И умерло Витино тело там, на ковре цветущем. И рука на живой еще руке застыла, мертвая. И хотел, чтобы все было, но не эти слова, не эта правда. А дьявол и тут тешил его:

«Ты уж совсем большой. Ты уж старый, Виктор!»

- Витя, я завещание хочу. Не нужно, знаю. Нелепо. Пусть. Я хочу. Зиночка там еще, в крепости. Так нужно. Пусть знают. В завещании напишу о Зиночке... Ну, и об Ирочке... И обо всем. Так нельзя. Мучают они их... Я напишу в завещании: звери вы...

- Надя! Надя! Милая. Ведь это не ты.

- Это я, потому что трудно мне дышать. Потому что я скоро умру, Витя.

И тогда рыдали они, будто рыдал один. И больное тело очнулось ранее здорового.

- Витя, милый... Поедем в Рим. Поедем завтра. Ты же хочешь. Тебе же нужно. Поедем.

- Надя, милая,.. Ну, так... Ну, так... Для моей мазни везде место найдется... Надя моя. Надя моя, развеселись.

И у ног рыдающей забился своими рыданиями, снова объявившимися. А дьявол снов недремлющий, красный по полу кривлялся. И говорил Виктор:

- Святыня моя. Святыня моя.

Но не пропадал дьявол. Лишь знамением враждебным опаленный притих на ковре, тут, близко, и рожу красную свою чем-то белым наскоро замазал.

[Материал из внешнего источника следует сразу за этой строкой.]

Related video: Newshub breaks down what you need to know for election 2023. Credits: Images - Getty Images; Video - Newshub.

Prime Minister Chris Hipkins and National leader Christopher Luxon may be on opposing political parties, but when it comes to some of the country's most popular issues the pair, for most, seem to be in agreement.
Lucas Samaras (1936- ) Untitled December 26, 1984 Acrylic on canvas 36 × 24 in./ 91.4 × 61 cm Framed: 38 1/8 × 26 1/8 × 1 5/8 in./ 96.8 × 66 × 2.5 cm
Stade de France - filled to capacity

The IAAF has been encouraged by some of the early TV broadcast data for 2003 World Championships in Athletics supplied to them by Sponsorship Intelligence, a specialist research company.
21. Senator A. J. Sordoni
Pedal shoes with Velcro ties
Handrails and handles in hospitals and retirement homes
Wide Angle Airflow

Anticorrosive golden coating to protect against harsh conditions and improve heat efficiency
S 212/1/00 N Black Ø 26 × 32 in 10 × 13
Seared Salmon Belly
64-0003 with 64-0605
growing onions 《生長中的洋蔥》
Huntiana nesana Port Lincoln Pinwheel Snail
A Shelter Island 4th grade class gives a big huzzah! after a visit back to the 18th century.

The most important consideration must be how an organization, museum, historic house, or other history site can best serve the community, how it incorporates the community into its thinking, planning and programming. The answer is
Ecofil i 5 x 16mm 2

На диванчике маленьком сидела, привычными очами души грядущий день следила. И говорила слова. И уши ее тех слов не слышали, и мысли ее о рождении тех слов не знали. Потому что прилетали те слова прямо из глубины ее души, забвенно почуявшей близость вечной правды. Трепетал брат ее, Виктор. И душою трепетал, и телом. И слушая слова молитвенно-любовные, забвенно постигал тайны дна, очей-колодцев жутко близких. Тайны хрустального дна. И словами-птицами молитвенно-любовными отвечал. Говорили для мгновений лишь. Говорили в забвение. И без страха почуяла Надя силу ласк новых, грехи земли испепеляющих стремлением создать совершенство.

VII

Хорошо в комнатке мезонинной, у маленького окошка. Ветка зимняя из садика протянулась, снег ватный с подоконника сбрасывает, ветерком движимая.

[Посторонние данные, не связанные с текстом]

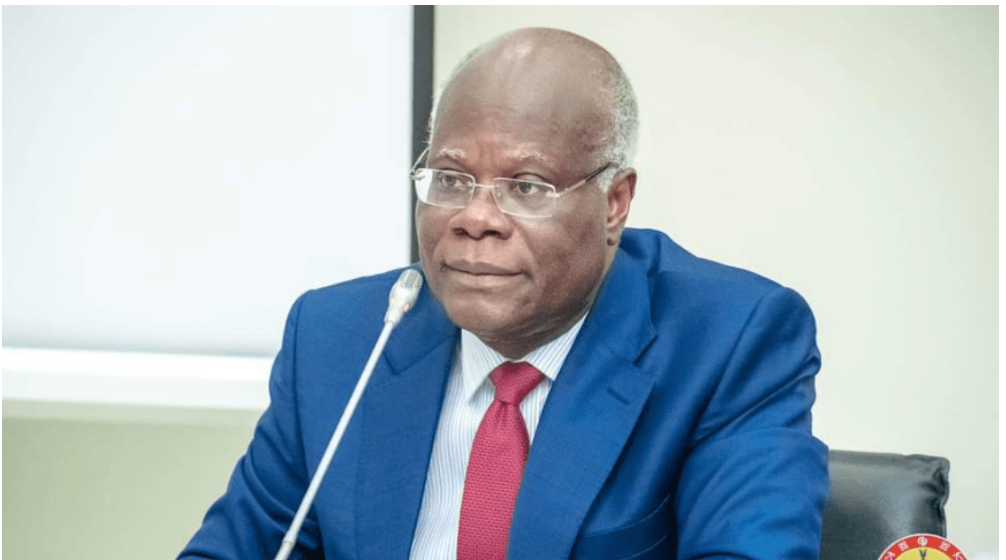
Kobina Tahir Hammond, Minister for Trade and Industry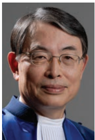
ICC President Judge Sang-Hyun Song

(International Court, continued from page 1)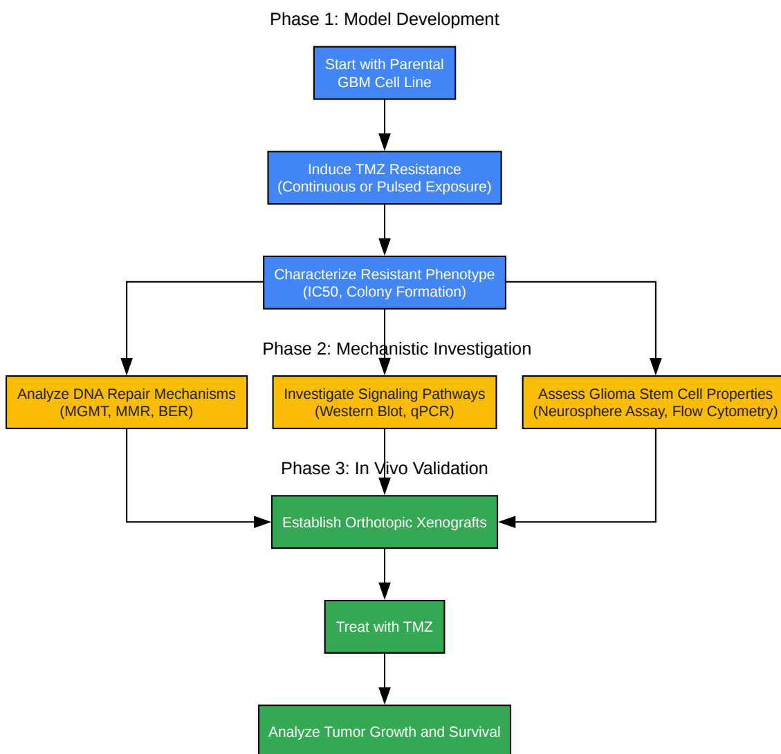
Experimental Workflow for Studying TMZ Resistance

A systematic approach is essential for studying TMZ resistance. The following workflow outlines the key experimental stages.

И тихо. И она, Дорочка любимая, хорошие слова говорит. Хорошо Антону в Дорочкиной комнатке Горюновского дома под сенью колокольни белой Егория. Заговорятся или, замечтавшись, замолчат надолго - ударит колокол внезапный, то вечерний, то дневной. И друг на друга взглянут и улыбнутся, Только, разве в Лазареве короткие недели летней жизни так же хороши, как часы, летящие здесь.

Читают вслух. Любимое есть у них общее и нелюбимое. Часто приходит Антон. Подолгу здесь. Так часто, что Раиса Михайловна не раз:

- Опять там был?

- А. что ж, что там?

- А то ж. Хорошему там тебя учат, коли оттуда приходишь - матери дерзишь. А то уж совсем туда переселись.

И стал обманывать. И еще ласковее пели птички-минутки в бабушкином домике. И ближе, милее тетя Дорочка. Родная она, тетя; легко ей слова любви юной говорятся; легко руку ее в руку взять; здороваясь, прощаясь, легко в губы поцеловать. Но и чужая она, по-хорошему чужая: на родню на всю не похожа, на чопорных, на смешных, нелюбимых тех.

Месяц за месяцем. Куда-то в новое вошли. Реже читали, реже в Сережину комнатку сбегали.